◆ **PROBLEM TO SOLVE**:
Take the entries that follow and return exactly the lines from the one holding "RM @RepEliotEngel, @JerryNadler, @SenatorLeahy, and" through the one holding "Personalized Grandma Blanket", both included. Nothing else is needed.

[Stored dataset items]
◇ ◇ ◇ ◇

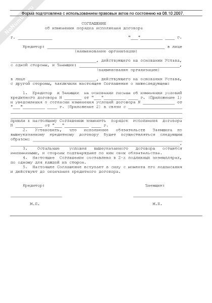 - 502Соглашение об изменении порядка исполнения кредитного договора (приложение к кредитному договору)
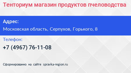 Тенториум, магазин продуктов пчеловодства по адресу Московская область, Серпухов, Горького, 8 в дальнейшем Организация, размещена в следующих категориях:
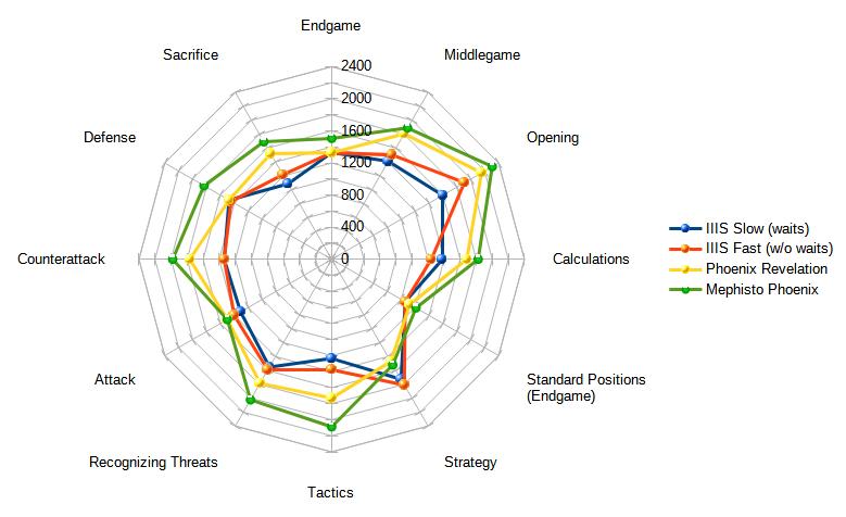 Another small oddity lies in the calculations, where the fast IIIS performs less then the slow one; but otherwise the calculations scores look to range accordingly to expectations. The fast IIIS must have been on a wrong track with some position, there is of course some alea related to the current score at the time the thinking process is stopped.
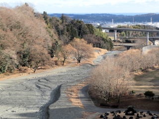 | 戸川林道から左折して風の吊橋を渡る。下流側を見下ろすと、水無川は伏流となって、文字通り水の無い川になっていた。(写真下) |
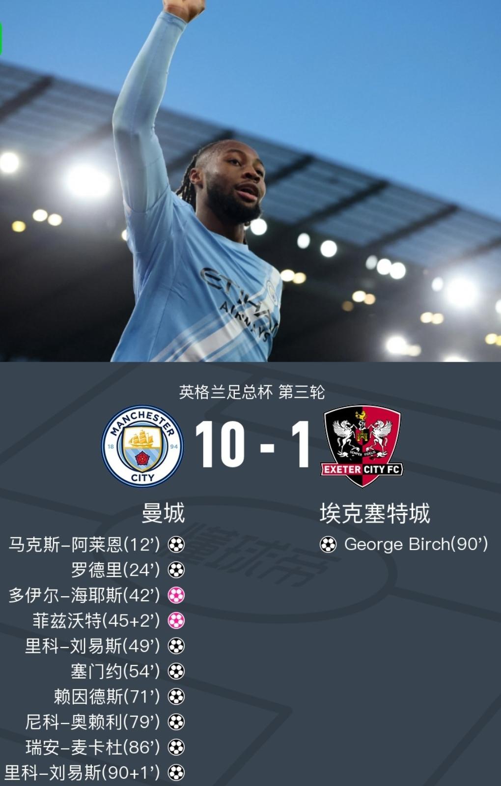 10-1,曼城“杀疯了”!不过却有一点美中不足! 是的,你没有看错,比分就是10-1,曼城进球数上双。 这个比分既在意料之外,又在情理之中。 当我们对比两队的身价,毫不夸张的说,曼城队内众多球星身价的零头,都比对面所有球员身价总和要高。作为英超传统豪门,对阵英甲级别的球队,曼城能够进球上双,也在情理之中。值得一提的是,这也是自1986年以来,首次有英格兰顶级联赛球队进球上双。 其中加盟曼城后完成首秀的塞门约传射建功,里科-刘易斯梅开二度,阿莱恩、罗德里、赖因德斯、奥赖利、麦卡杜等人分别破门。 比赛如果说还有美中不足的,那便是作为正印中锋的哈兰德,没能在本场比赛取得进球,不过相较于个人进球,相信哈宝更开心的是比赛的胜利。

◇ ◇ ◇ ◇

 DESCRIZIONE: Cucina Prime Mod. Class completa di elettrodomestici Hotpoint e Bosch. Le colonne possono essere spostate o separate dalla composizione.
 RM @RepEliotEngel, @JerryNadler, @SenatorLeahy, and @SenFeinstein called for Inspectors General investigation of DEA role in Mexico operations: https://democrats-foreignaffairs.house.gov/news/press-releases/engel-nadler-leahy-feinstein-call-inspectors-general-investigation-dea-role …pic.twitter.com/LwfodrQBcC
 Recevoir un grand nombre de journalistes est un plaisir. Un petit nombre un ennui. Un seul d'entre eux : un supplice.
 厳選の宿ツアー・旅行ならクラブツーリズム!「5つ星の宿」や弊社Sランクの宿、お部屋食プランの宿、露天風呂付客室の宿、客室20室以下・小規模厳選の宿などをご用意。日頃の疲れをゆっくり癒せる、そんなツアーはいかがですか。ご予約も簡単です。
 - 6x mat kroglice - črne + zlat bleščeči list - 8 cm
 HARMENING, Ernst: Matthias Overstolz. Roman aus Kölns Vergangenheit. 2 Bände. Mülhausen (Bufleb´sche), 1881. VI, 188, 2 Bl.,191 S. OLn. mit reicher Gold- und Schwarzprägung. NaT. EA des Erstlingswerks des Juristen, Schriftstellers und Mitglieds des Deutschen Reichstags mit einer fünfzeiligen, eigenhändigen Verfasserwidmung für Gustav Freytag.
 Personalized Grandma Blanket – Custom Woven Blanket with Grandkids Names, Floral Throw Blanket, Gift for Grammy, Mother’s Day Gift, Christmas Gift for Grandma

◇ ◇ ◇ ◇

◆ **SOLVED PROBLEM**:
 RM @RepEliotEngel, @JerryNadler, @SenatorLeahy, and @SenFeinstein called for Inspectors General investigation of DEA role in Mexico operations: https://democrats-foreignaffairs.house.gov/news/press-releases/engel-nadler-leahy-feinstein-call-inspectors-general-investigation-dea-role …pic.twitter.com/LwfodrQBcC
 Recevoir un grand nombre de journalistes est un plaisir. Un petit nombre un ennui. Un seul d'entre eux : un supplice.
 厳選の宿ツアー・旅行ならクラブツーリズム!「5つ星の宿」や弊社Sランクの宿、お部屋食プランの宿、露天風呂付客室の宿、客室20室以下・小規模厳選の宿などをご用意。日頃の疲れをゆっくり癒せる、そんなツアーはいかがですか。ご予約も簡単です。
 - 6x mat kroglice - črne + zlat bleščeči list - 8 cm
 HARMENING, Ernst: Matthias Overstolz. Roman aus Kölns Vergangenheit. 2 Bände. Mülhausen (Bufleb´sche), 1881. VI, 188, 2 Bl.,191 S. OLn. mit reicher Gold- und Schwarzprägung. NaT. EA des Erstlingswerks des Juristen, Schriftstellers und Mitglieds des Deutschen Reichstags mit einer fünfzeiligen, eigenhändigen Verfasserwidmung für Gustav Freytag.
 Personalized Grandma Blanket – Custom Woven Blanket with Grandkids Names, Floral Throw Blanket, Gift for Grammy, Mother’s Day Gift, Christmas Gift for Grandma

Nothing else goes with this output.